### [Records provided]
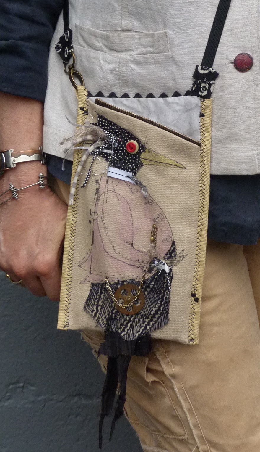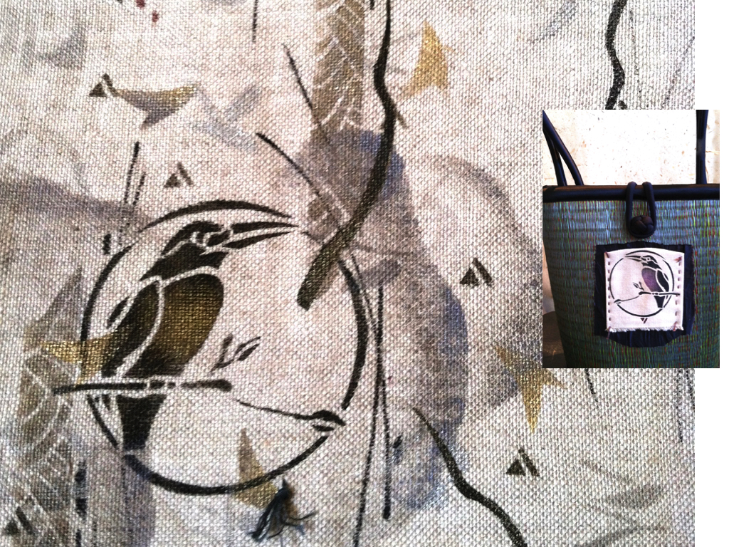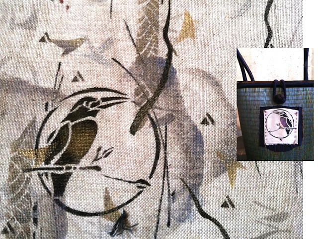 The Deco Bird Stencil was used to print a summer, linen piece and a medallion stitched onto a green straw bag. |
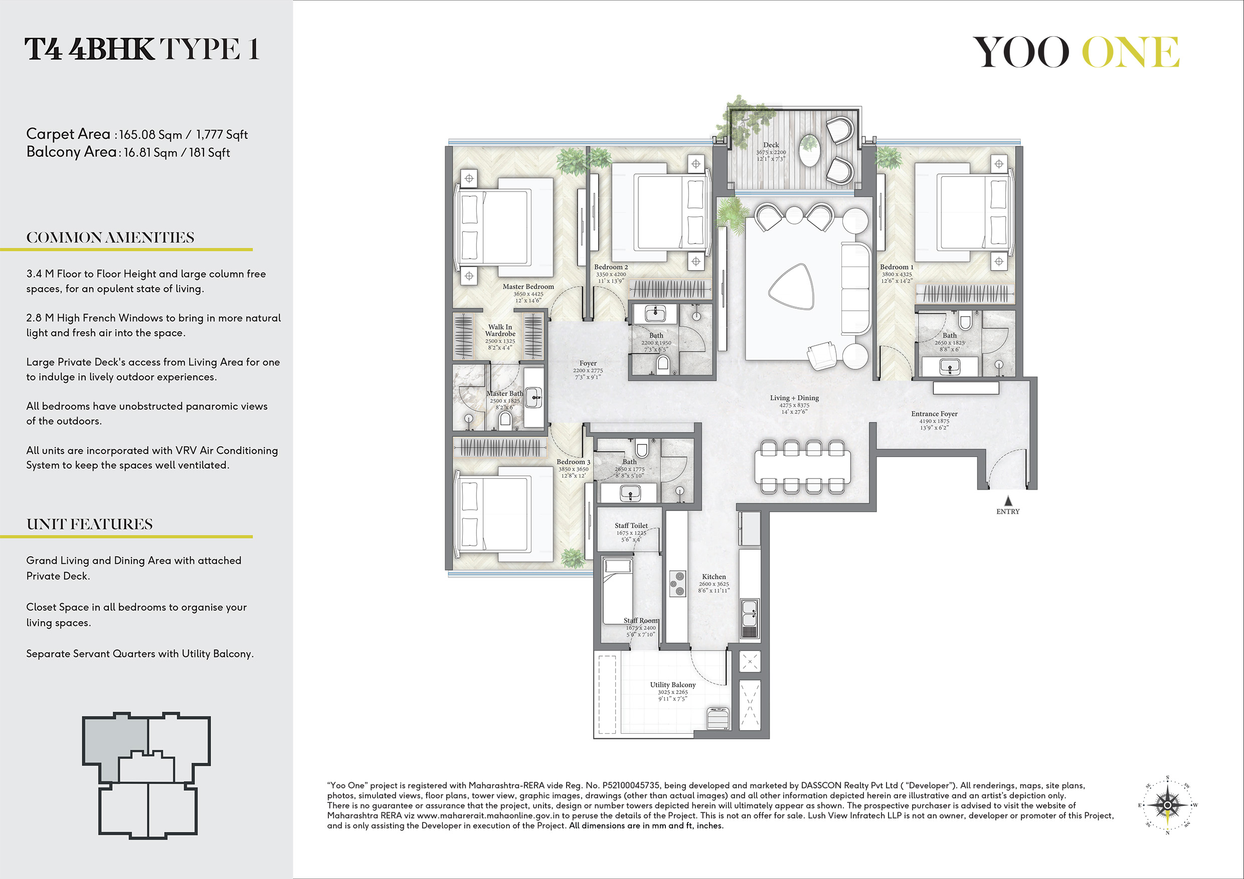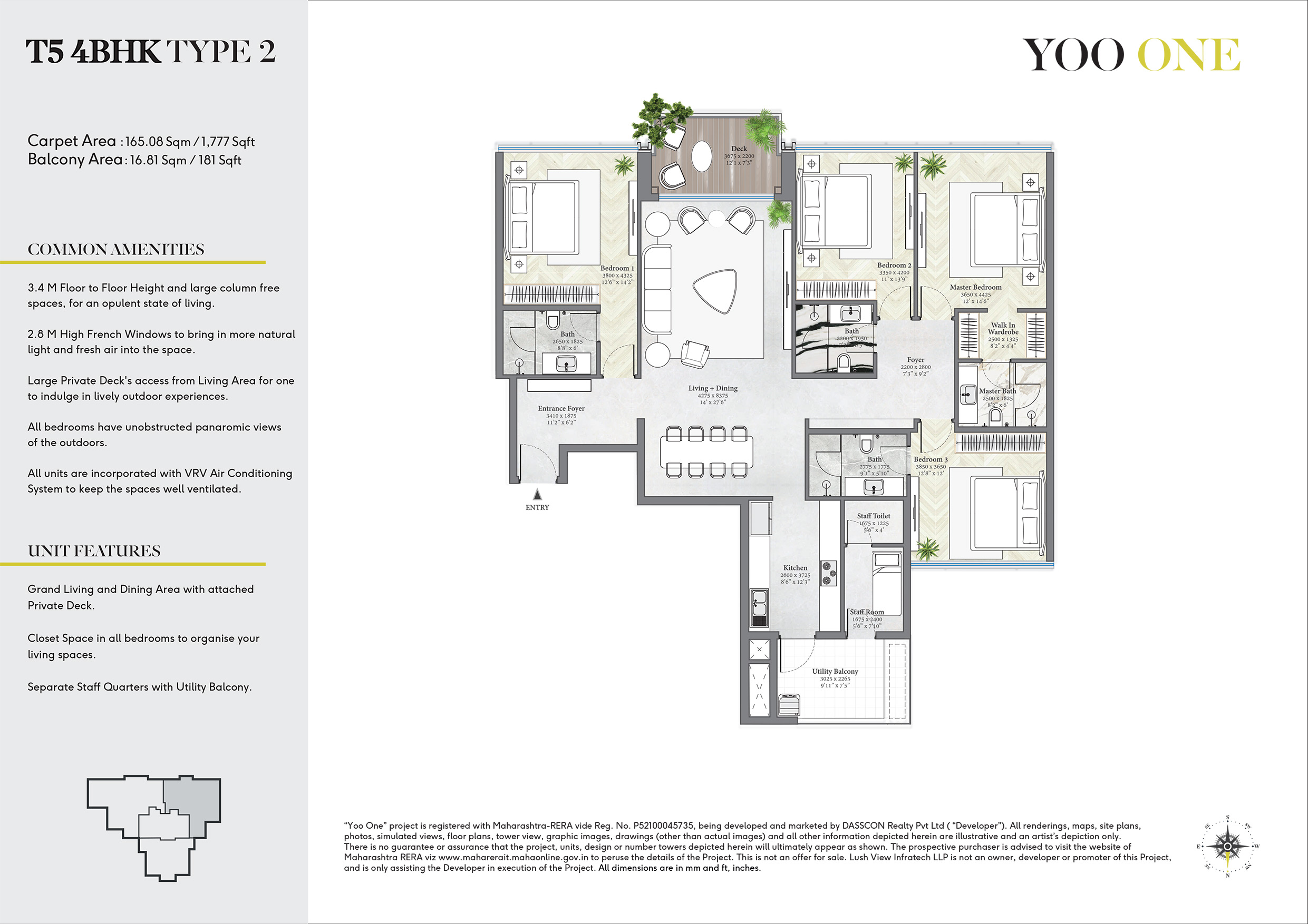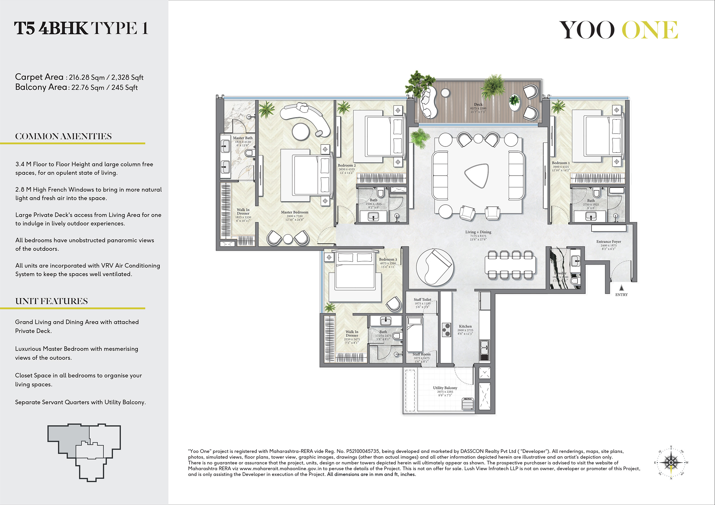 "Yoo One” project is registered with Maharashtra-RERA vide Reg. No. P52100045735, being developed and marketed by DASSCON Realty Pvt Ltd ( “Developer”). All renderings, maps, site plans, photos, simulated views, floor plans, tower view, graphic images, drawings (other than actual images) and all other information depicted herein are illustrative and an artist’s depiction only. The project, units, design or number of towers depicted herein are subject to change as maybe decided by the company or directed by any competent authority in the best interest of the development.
--
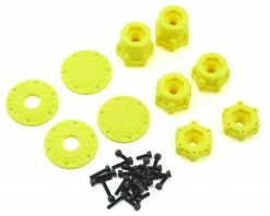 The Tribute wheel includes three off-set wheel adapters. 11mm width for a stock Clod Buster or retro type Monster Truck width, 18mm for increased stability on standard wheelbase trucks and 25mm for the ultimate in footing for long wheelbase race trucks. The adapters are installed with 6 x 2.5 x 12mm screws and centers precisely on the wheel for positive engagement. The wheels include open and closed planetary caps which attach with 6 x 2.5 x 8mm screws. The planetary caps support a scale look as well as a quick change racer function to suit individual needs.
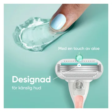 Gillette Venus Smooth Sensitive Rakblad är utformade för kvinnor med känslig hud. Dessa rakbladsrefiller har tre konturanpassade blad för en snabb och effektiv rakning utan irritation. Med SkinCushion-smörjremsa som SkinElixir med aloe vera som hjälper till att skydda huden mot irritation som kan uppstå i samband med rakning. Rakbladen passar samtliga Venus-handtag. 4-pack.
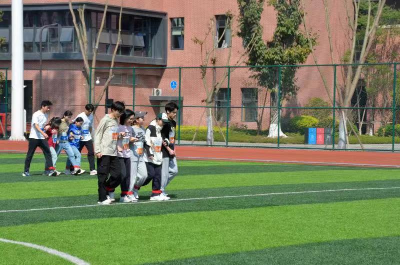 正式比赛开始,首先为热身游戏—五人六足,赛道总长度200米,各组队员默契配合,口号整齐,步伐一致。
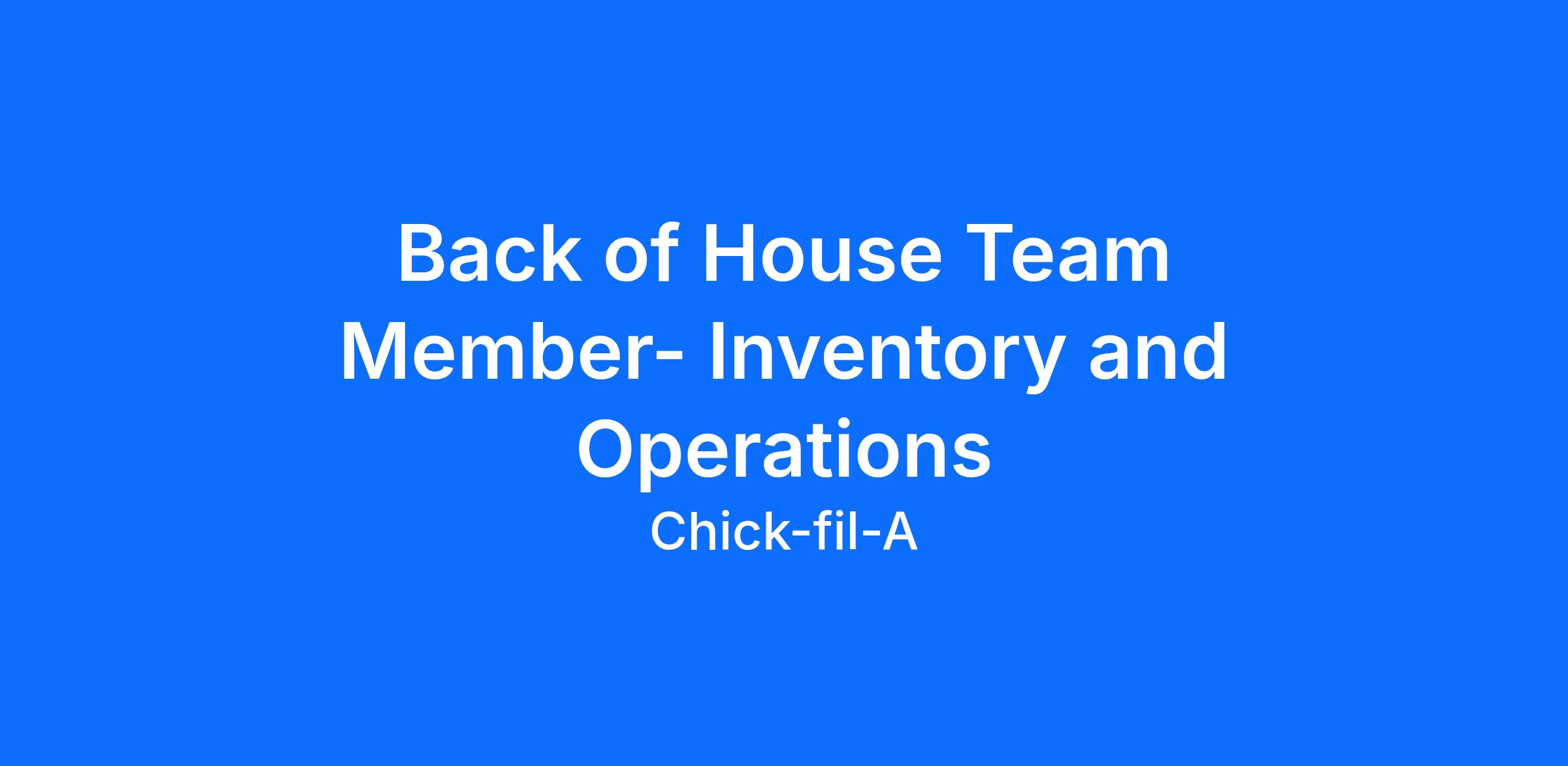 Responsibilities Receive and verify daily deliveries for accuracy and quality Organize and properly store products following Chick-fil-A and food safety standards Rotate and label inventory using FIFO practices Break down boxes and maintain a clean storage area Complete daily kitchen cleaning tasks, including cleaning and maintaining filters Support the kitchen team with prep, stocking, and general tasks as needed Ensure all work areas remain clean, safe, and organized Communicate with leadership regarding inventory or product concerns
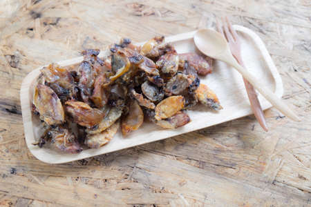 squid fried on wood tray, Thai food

### [Exercise brief]
Go to the line above that has "The Deco Bird" and copy exactly from there down to the line that has "of the development.", both included. Leave the pictures out.

### [Your response]
 The Deco Bird Stencil was used to print a summer, linen piece and a medallion stitched onto a green straw bag. |
 "Yoo One” project is registered with Maharashtra-RERA vide Reg. No. P52100045735, being developed and marketed by DASSCON Realty Pvt Ltd ( “Developer”). All renderings, maps, site plans, photos, simulated views, floor plans, tower view, graphic images, drawings (other than actual images) and all other information depicted herein are illustrative and an artist’s depiction only. The project, units, design or number of towers depicted herein are subject to change as maybe decided by the company or directed by any competent authority in the best interest of the development.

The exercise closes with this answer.